# [DATA BLOCK]
++++++++++

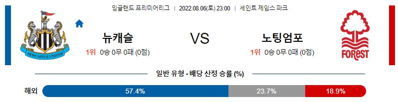 노팅엄이 강력한 3백을 바탕으로 지난 시즌 원정에서 경기당 평균 0점대의 실점률을 보유하고 있는 점을 고려하면 언더(2.5 기준) 가능성도 있겠다. 또한 뉴캐슬은 지난 시즌 중동 자본 유입으로 인해 많은 선수들을 사왔고, 수준급의 스쿼드를 갖춘 상태. 지난 시즌 막판에는 4연승을 기록하는 등 조직력과 경기력이 점점 올라오는 추세였다. 노팅엄도 23년만에 승격으로 무려 12명의 선수를 영입하며 경쟁력을 갖추기 위한 노력을 하고는 있으나, 이들의 조직력은 의문 부호가 붙어 있는 상황. 이번 일정도 뉴캐슬의 승리가 예상된다.
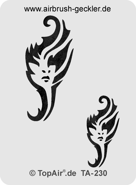 TopAir Schablone aus Kunststoff, 0,12mm dünn- zum hundertfachen Einsatz - TA-230 Motivgrößen: 75 x 34 mm und 51 x 24 mm TopAir®-Laserschnitt, Made by Geckler ©
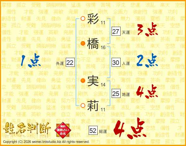彩(11画)橋(16画) 実(14画)莉(11画)

++++++++++

# [PROMPT]
The required response consists solely of the lines from the line containing "TopAir Schablone aus" through the end of the listing, both ends included, copied exactly without pictures.

# [EXERCISE RESULT]
 TopAir Schablone aus Kunststoff, 0,12mm dünn- zum hundertfachen Einsatz - TA-230 Motivgrößen: 75 x 34 mm und 51 x 24 mm TopAir®-Laserschnitt, Made by Geckler ©
彩(11画)橋(16画) 実(14画)莉(11画)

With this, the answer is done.